Now assign the both keys from admins to the user admin in the environment serverfarm

# /etc/hiera/environments/serverfarm.yaml
---
sshkeys::users:
  admin:
    home: /home/admin
    keys:
      - admin1@example.com
      - admin2@example.com

Now you want to assign the user1 key to the user1 on the system cool-system.example.com.
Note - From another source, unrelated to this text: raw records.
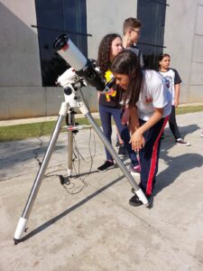 As alunas e alunos estudaram sobre cartas celestes, órbitas, astronomia de posição, observaram o Sol pelo telescópio, e conseguiram visualizar, na prática, as elipses (figura plana estudada na geometria analítica, classificada como uma cônica, que tem, entre suas aplicações, a análise de movimentos de astros). “Estudaram, também, sobre a velocidade de escape, gravidade e potencial gravitacional. Em outro momento, realizaram a construção e destruição do sistema solar através da ferramenta Noirlab Teen Astronomy Cafe, que pode ser acessada de casa através do site: https://noirlab.edu/public/education/TAC-ToGo/”, informa Maria Tereza.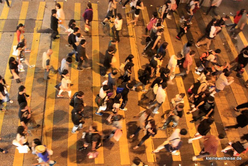 Ähnlich wie in den Wohnsiedlungen sieht es auch auf den Straßen aus, vor allem im Zentrum: Viele Menschen. Besonders ab 17 Uhr, wenn alle aus den Büros kommen, wird es in Central busy. Wer nicht über die zahlreichen Fußgängerbrücken geht, nimmt den Zebrastreifen.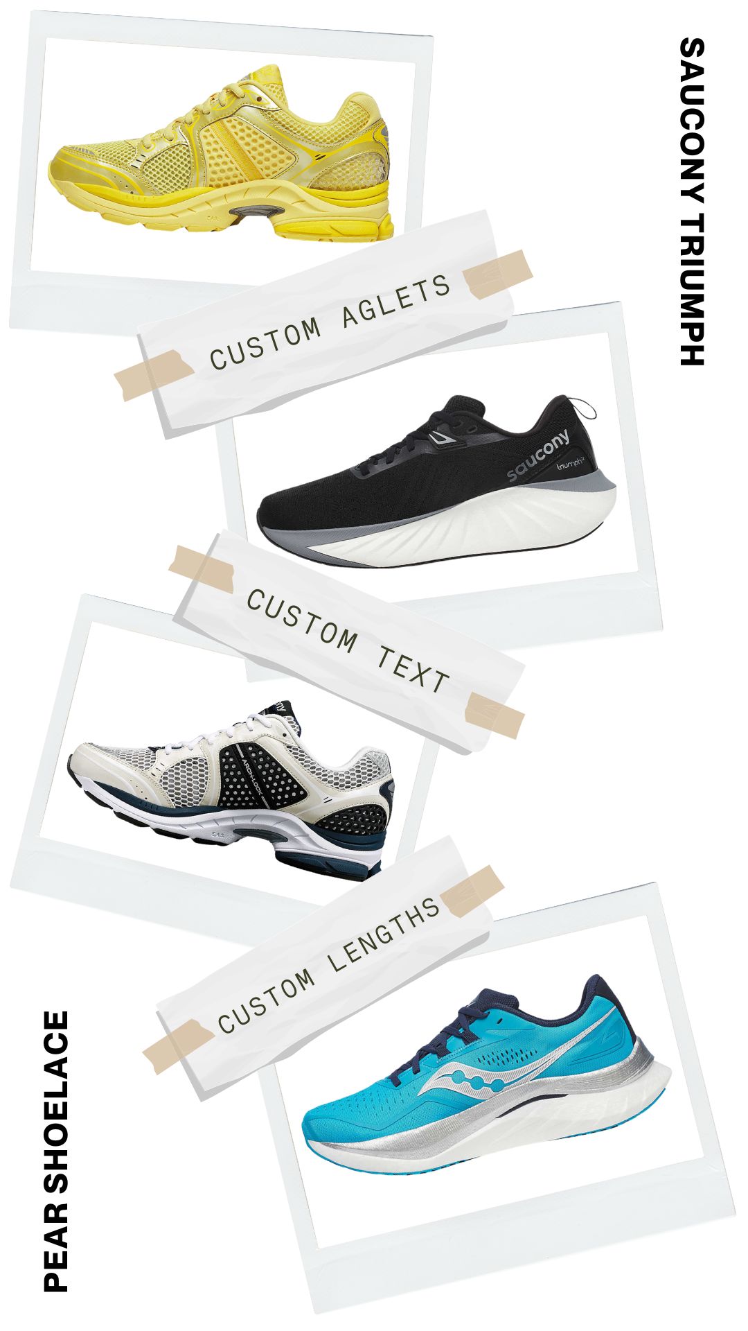 Say goodbye to shoelaces that are too long or too short. Pear Shoelaces offers custom lengths explicitly tailored for your Saucony Triumph sneakers, ensuring a perfect fit every time. Experience the ideal blend of comfort and style with laces made just for you.

# /etc/hiera/hosts/cool-system.example.com.yaml
sshkeys::users:
  user:
    home: /home/user
    keys:
      - user1@example.com

If you remove some key assignments, but the User stays managed, they keys will get automatically removed from the system.

More detailed information and examples can be found in the module README file.